For estimation of the plasma membrane/cytosol ratio of protein distribution, regions of interest were selected from the same z level either along the entire edge of a cell for plasma membrane or from those in the body of the cell excluding the nucleus for cytosol. Mean fluorescence intensities within each region of interest were measured using Olympus Fluoview version 2.0. A z level with the highest fluorescence intensity at the plasma membrane edge was chosen for analysis and for representative images. Because contribution of fluorescence from the cytosol was not subtracted, a ratio value of 1 does not indicate a 1:1 distribution of fluorescence between plasma membrane and cytosol; rather, it represents the baseline value of fluorescence distribution for cytosol-localized proteins. Approximately two to six cells were visible per field of view. Fluorescence ratios were calculated for all cells in every field of view captured for each experimental group. At least 20 independently acquired images from three separate transfections were analyzed for each condition. Rounded cells (height more than 20 μm), indicative of poor health, were discarded from the analysis. Where indicated, a blinded observer (unaware of the experimental conditions behind each image) scored cells with plasma membrane distribution of fluorescence from entire image data sets. For this purpose, the order of images was randomly shuffled.
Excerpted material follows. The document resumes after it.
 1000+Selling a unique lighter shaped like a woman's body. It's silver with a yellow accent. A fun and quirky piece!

Each representative micrograph at one z plane is supplemented with a line profile analysis below. Fluorescence intensities were measured along points a to b and plotted as a function of distance AB.
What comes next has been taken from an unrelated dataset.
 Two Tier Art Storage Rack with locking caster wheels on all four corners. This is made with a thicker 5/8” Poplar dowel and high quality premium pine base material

Receptor Immunocytochemistry

CHO cells were grown on a 35-mm dish at ∼⅓ confluence. The following day, each dish of cells was transiently transfected with YFP-PLCβ3 and/or 3xHA-M3R. Empty pciNeo vector was added to equalize between experimental groups to a total plasmid load of 1 μg. Cells were analyzed the next day by confocal microscopy as described above. Immediately prior to live cell imaging, surface 3xHA-M3R in these cells was stained with anti-HA antiserum. Briefly, PBS-washed cells were incubated with anti-HA antibody (1:2000) in Hanks' balanced salt solution with 15 mm Hepes, pH 7.4 for 1 h at room temperature followed by incubation with Alexa Fluor 546 anti-mouse antibody (1:1000) for 30 min. Following each incubation step, the cells were washed three times with 1× PBS. Green and red fluorescence were acquired using separate laser excitations. Merged fluorescent images were generated by ImageJ using the Merge Channels function. The same optical and digital settings for either green or red channels were applied to all experimental groups.
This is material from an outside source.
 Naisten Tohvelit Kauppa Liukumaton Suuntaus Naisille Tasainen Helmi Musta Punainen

GST Fusion Protein Pulldown Assay

Purified PLCβ3 and variant proteins were mixed with GST-His₆ or GST-M3R loops in binding buffer (20 mm Hepes, pH 8.0, 1 mm EDTA, 0.1% polyoxyethylene 10-lauryl ether (C₁₂E₁₀), 2 mm dithiothreitol, and 150 mm NaCl). Equal amounts of GST fusion proteins were added at 300 nm as determined by Coomassie staining. The total reaction volume was 500 μl. Unless otherwise indicated, PLCβ3 was added at 10 nm. For pulldown of G protein subunits, 30 nm purified Gα_q, Gα_s-long, Gα_olf, and Gβ₁γ₂ were added. Reactions were incubated by rotating for 1 h at 4 °C. Prior to addition, glutathione-Sepharose beads were preblocked in binding buffer supplemented with 0.1% bovine serum albumin (Roche Applied Science) and then made into a 50% slurry. 20 μl of slurry was incubated with each reaction for 2 h at 4 °C. Beads were collected by centrifugation at 100 × g for 2.5 min at 4 °C and washed three times with binding buffer. Bound proteins were eluted from the beads by the addition of 2× loading sample buffer, boiled at 95 °C for 5min, resolved by SDS-PAGE, and detected by Western blot. 8% SDS-PAGE was used to resolve PLCβ3. 12% SDS-PAGE was used to resolve G protein subunits. For internal GST loading controls, 15% SDS-PAGE was used to resolve GST fusion proteins.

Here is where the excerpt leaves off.